◆ **Work to complete**
In this exercise, print only the lines from the line with "丹棱縣老峨山旅游扶貧提質改造" to the last line of the data below, inclusive. Any pictures should be left out.

◆ **Dataset section**
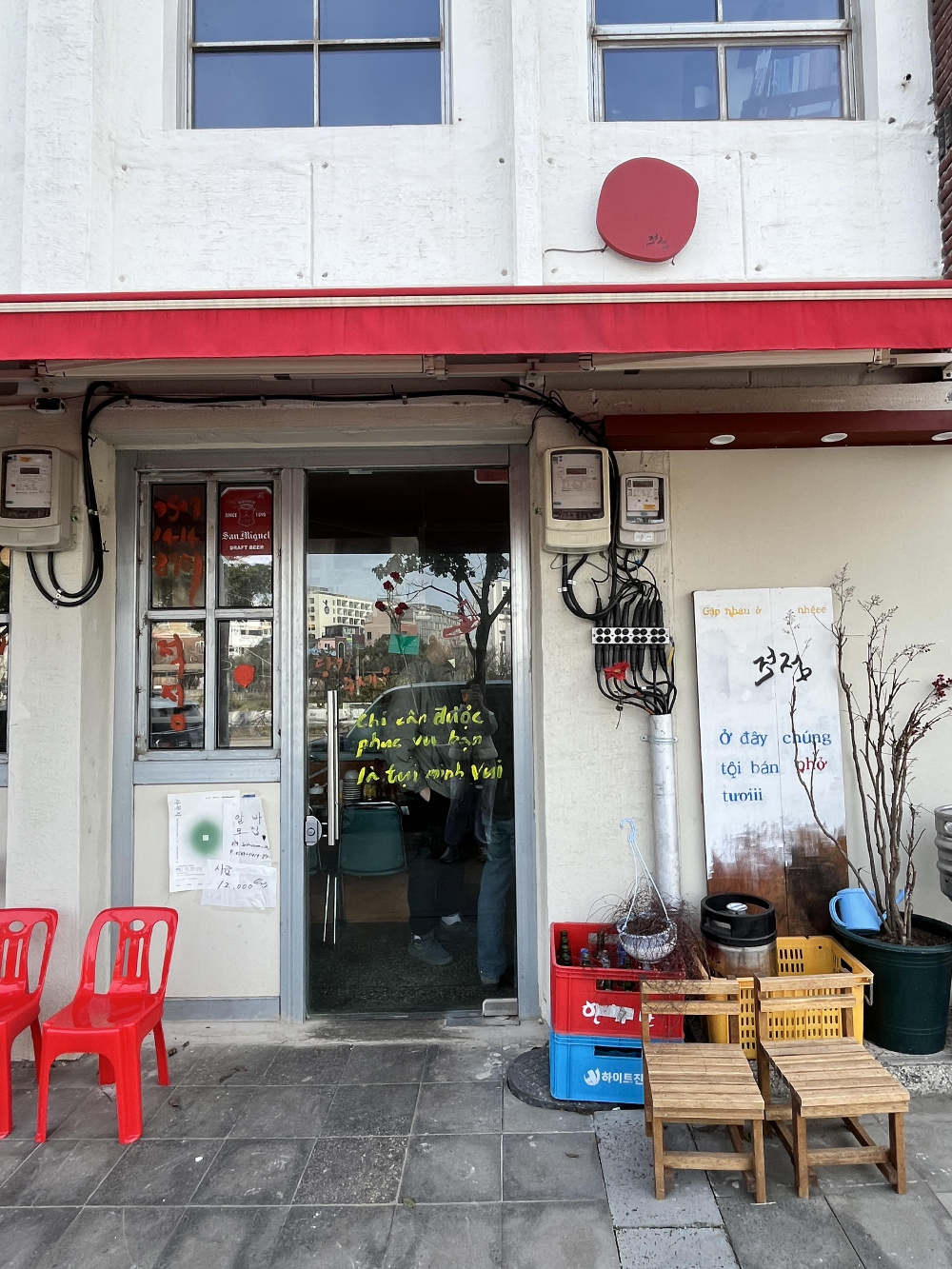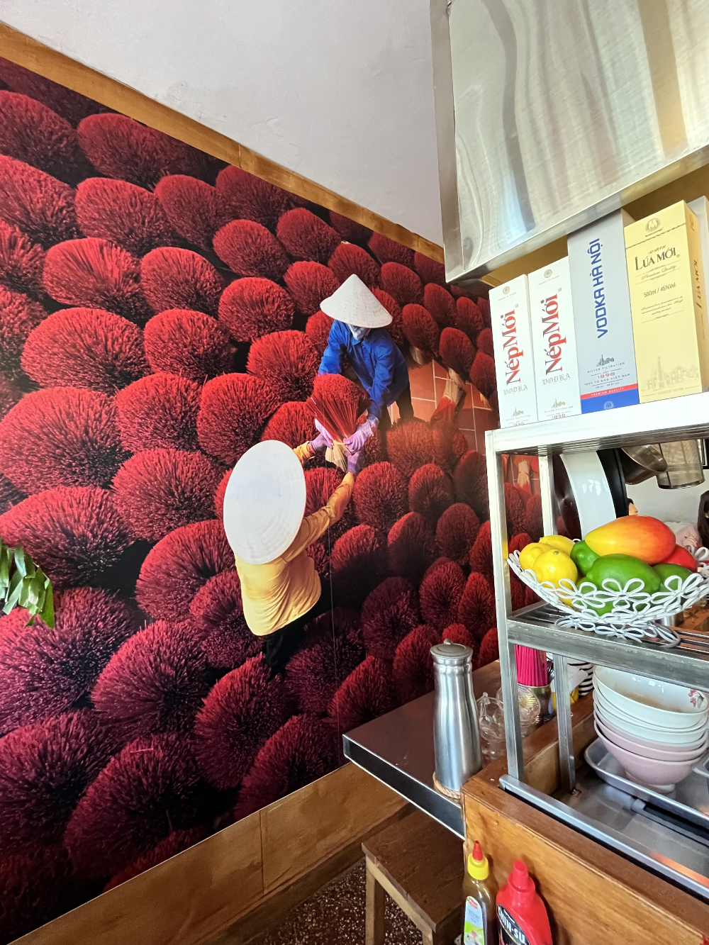 베트남의 사진이 크게 붙어 있습니다. 자리는 조금 협소한 편입니다. 자리에 앉으면 서로 왔다갔다 하기는 불편할 것 같습니다. 다행히 저희 안쪽에 사람들이 계셨는데 저희보다 늦게 가셔서 저희가 딱히 비켜주거나 하지 않았습니다. 저희가 앉은 테이블은 작은 사각 형태였는데 모서리가 제 살을 찌르기도 해서 방석이 생각났습니다. 그래도 요령껏 잘 앉으면 어느새 의자 생각은 사라집니다.
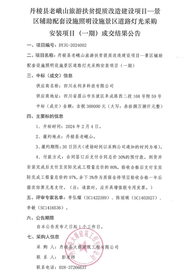 丹棱縣老峨山旅游扶貧提質改造建設項目—景區(qū)輔助配套設施照明設施景區(qū)道路燈光采購安裝項目(一期)成交結果公告
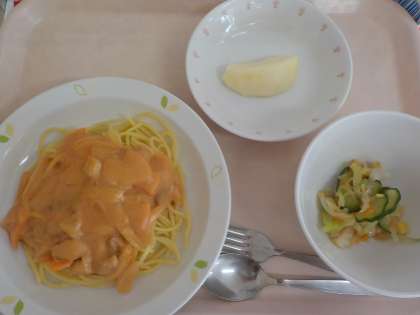本日の給食は、トマトクリームスパゲッティ・コーン入りサラダ・りんご・牛乳です。

◆ **Reply**
 丹棱縣老峨山旅游扶貧提質改造建設項目—景區(qū)輔助配套設施照明設施景區(qū)道路燈光采購安裝項目(一期)成交結果公告
本日の給食は、トマトクリームスパゲッティ・コーン入りサラダ・りんご・牛乳です。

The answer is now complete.